Good luck with whatever you decide.

BauerTime Sat 01-Nov-14 09:33:37

I would definitely pursue having a child in your shoes. Whichever route you go down I think needs to be a very personal choice but from what you have said I think you have already ruled out adoption as your first choice.

Rollontome Sat 01-Nov-14 10:00:15

You have doubts about adoption so it's not for you. Go for sperm donation. Better to have a child by yourself rather than one with the wrong person.

mutternutter Sat 01-Nov-14 10:09:31

Go for it. You may never meet Mr right or may meet him tomorrow but at mid 30s a plan is definitely needed
Best of luck

WooWooOwl Sat 01-Nov-14 10:14:04

I grew up without my Dad being around much, although he did provide financially for my mum and I. I spent a lot of time being jealous of other little girls that had their Daddy and wanting to know where mine was. Of course, my mum never knew how I felt.

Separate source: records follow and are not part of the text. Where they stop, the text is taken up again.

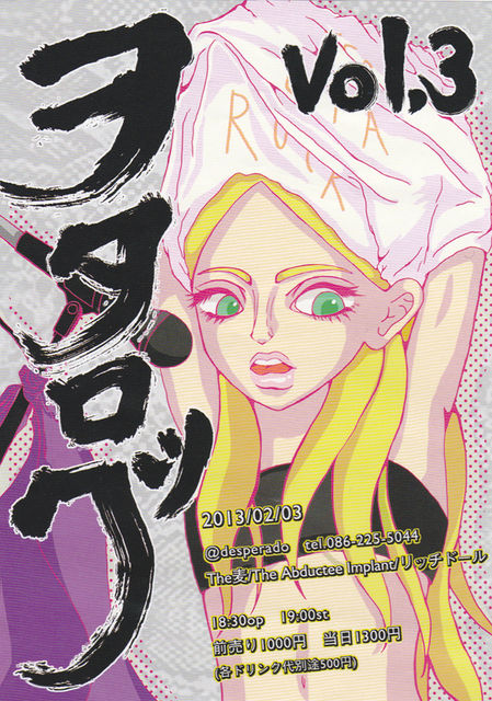 〜 ヲタロック vol.3 〜 【日 時】2013.02.03(SUN) 開場 18:30 / 開演 19:00 【場 所】Live House Desperado-OKAYAMA- (http://www.desperado-okayama.com/) 岡山市北区表町3丁目11-105 086-225-5044 【入場料】前売 \1000 / 当日 \1300(ドリンク代\500が必要です) 【出演者】 ・THE!麦 ・リッチドール ・The Abductee Implant ※※ チケットの取り置きはメンバ〜へ連絡をお願いします ※※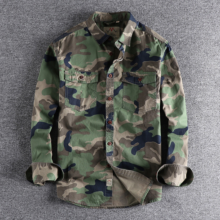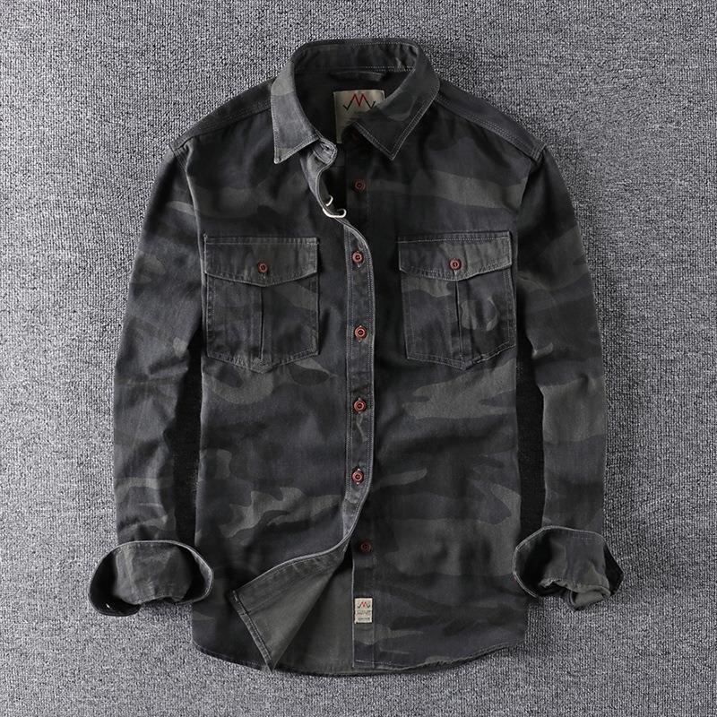 국경 간 대외 무역 세척 위장 미국 스타일 작업복 긴팔 셔츠 남자 더블 포켓 올 매치 캐주얼 군사 청소년 탑스토어 가기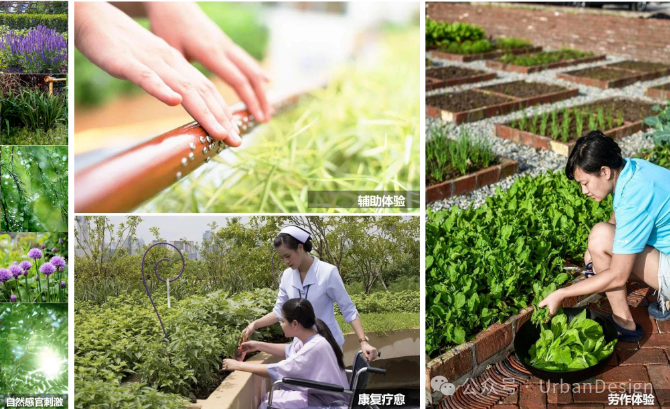 康復(fù)大學(xué)校園包容性設(shè)計中注重人的心理感受,充分發(fā)揮康復(fù)學(xué)科的特點,利用康復(fù)醫(yī)學(xué)、康復(fù)景觀學(xué)等相關(guān)理論,借助場地、空間與陽光、空氣、植物、土地的相互作用,采用園藝療法等療愈手段,利用植物栽培與園藝操作活動幫助有需要人士從其社會、教育、心理以及身體諸方面進行調(diào)整更新(圖 20)。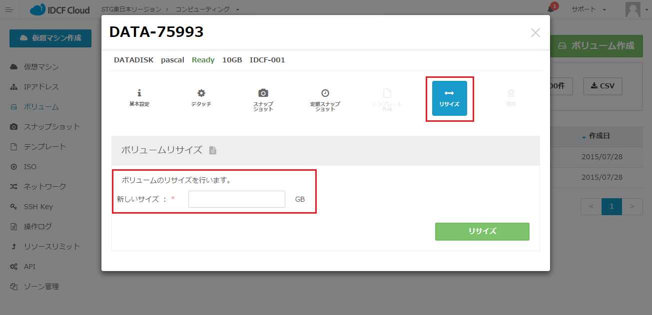 ボリュームダイアログから「リサイズ」をクリックし、ボリュームの新しいサイズを入力してください。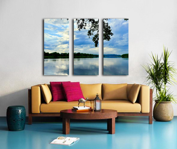 A stretch of water carries the weight of clouds above, veins of light and shade coursing between them. Trees rest at the edges, letting nature breathe in rhythmic symmetry. The sky speaks, but gently, like a lullaby only the patient hear. This piece brings a soulful balance to your space, aligning head and heart through the serene geometry of nature.

If I knew that my mum had knowingly caused me to feel like that just because of what she wanted for herself, it would have caused resentment back then and it would cause resentment now that I'm an adult.

I'm sorry, but I think it's selfish to choose to create a child knowing that there's a strong possibility that they will grow up with some emotional distress because they've been denied one of their parents.

Giving an existing child a family has got to be better than creating a new fatherless child.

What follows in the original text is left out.